Unnamed: 0,Title,Price,Description,Distance,Nearest_Intersection,Bedrooms,Bathrooms,Unit_type,Parking,Size(sqft)
0,7 Unit Apartment Building for Sale!!,120000000.0,"Built in 1985, it contains 7 units, 1x1 bedroo...",5,,,,,,
1,"0 HWY 130 Thunder Bay, Ontario",27790000.0,Oliver Paipoonge Vacant Land! 7.6 Acres locate...,13,,,,,,
2,Room for Rent furnished!!,85000.0,"I have a room for rent furnished with bed, des...",5,,,,,,
3,Room for rent,75000.0,Shared 2 bedroom duplex,4,,,,,,
4,Roommate needed to share a room for female,36700.0,Shared room available for female in 3 Bedroom ...,4,,,,,,
5,"350 Mokomon rd, Kakabeka Falls, ON",74000000.0,Amazing luxurious country living.
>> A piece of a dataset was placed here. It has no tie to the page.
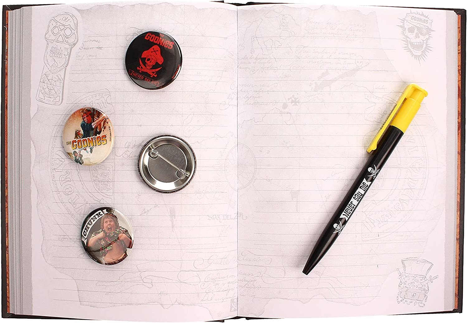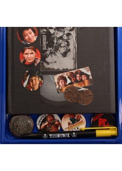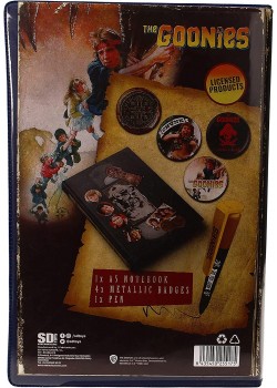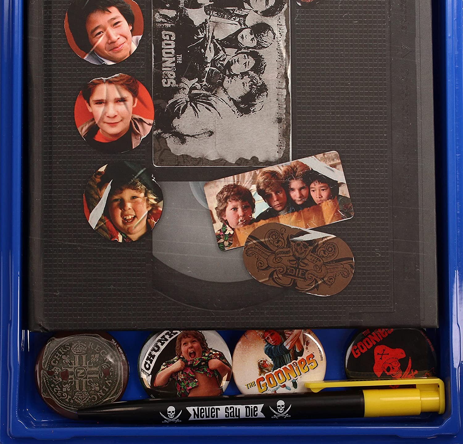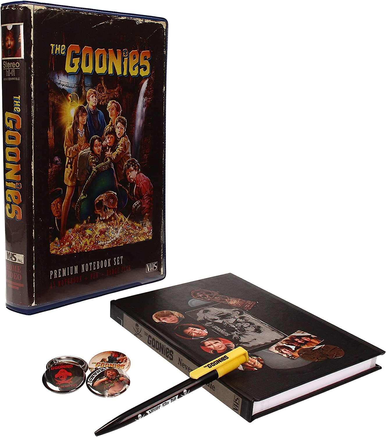 Una mezcla tan buena como la mantequilla de cacahuete y la mermelada, como decía Stephen King. Imagina poseer una caja retro de VHS de los Goonies con un set de papelería en su interior. Eso es lo que puede ser tuyo ahora gracias a SD Toys. Dentro de la caja que imita ser un estuche de VHS encontrarás un bolígrafo, cuatro chapas y un cuaderno de tamaño A5. Todo ello decorado con símbolos e imágenes de la película producida por Steven Spielberg y que supuso un soplo de aire fresco en el género de aventuras.

Newly built ...,33,,,,,,
6,Room for Rent - All Inclusive - Fully Furnished,47500.0,Fully furnished private room in fully furnishe...,3,,,,,,
7,furnished private room 3 minutes to university,79500.0,furnished room for rent asking 795 a month hea...,3,,,,,,
8,room for rent,62500.0,Bedroom for rent in new home westfort parking ...,6,,,,,,
9,"48 JEWELL ST THUNDER BAY, Ontario",34500000.0,Charming Corefloor Home in Sought-After North ...,4,,,,,,


In [47]:


# Function to train model and predict missing values for df2 based on df
def train_and_predict(df, df2, target_col, model_type="regression"):
    # Check if there are missing values in target column in df2
    if df2[target_col].isnull().sum() == 0:
        return  # No missing values to predict

    # Define features (excluding the target column) in df and df2
    features = [col for col in df.columns if col != target_col and pd.api.types.is_numeric_dtype(df[col])]
    
    # Train/test split for complete dataset df
    X_train, X_test, y_train, y_test = train_test_split(
        df[features], df[target_col], test_size=0.2, random_state=42
    )
    
    # Choose model based on target type
    if model_type == "regression":
        model = RandomForestRegressor(n_estimators=100, random_state=42)
    else:  # Classification for categorical features
        model = RandomForestClassifier(n_estimators=100, random_state=42)

    # Train the model
    model.fit(X_train, y_train)
    
    # Predict missing values in df2
    missing_data = df2[df2[target_col].isnull()]
    missing_features = missing_data[features]
    predictions = model.predict(missing_features)
    
    # Fill missing values in df2
    df2.loc[df2[target_col].isnull(), target_col] = predictions

# Apply model training and prediction for each column with missing values in df2
train_and_predict(df, df2, "Price", model_type="regression")
train_and_predict(df, df2, "Distance", model_type="regression")
train_and_predict(df, df2, "Nearest_Intersection", model_type="classification")
train_and_predict(df, df2, "Bedrooms", model_type="regression")
train_and_predict(df, df2, "Bathrooms", model_type="regression")
train_and_predict(df, df2, "Unit_type", model_type="classification")
train_and_predict(df, df2, "Parking", model_type="regression")
train_and_predict(df, df2, "Size(sqft)", model_type="regression")

# Round numeric values correctly
df2["Price"] = df2["Price"].round(2)
df2["Distance"] = df2["Distance"].round(2)
df2["Size(sqft)"] = df2["Size(sqft)"].round(2)

# Ensure integer values for discrete numerical columns
df2["Bedrooms"] = df2["Bedrooms"].round().astype("Int64")  
df2["Bathrooms"] = df2["Bathrooms"].round().astype("Int64")
df2["Parking"] = df2["Parking"].round().astype("Int64")
df2["Size(sqft)"] = (df2["Size(sqft)"] / 50).round() * 50
df2["Size(sqft)"] = df2["Size(sqft)"].astype("Int64")  # Ensures whole numbers

# Save the cleaned and imputed dataset
combined_df = pd.concat([df, df2], ignore_index=True)

# Save the combined dataset
combined_df.to_csv("combined_cleaned_imputed_dataset.csv", index=False)

print("Missing values imputed. Cleaned dataset saved as 'combined_cleaned_imputed_dataset.csv'.")


Missing values imputed. Cleaned dataset saved as 'combined_cleaned_imputed_dataset.csv'.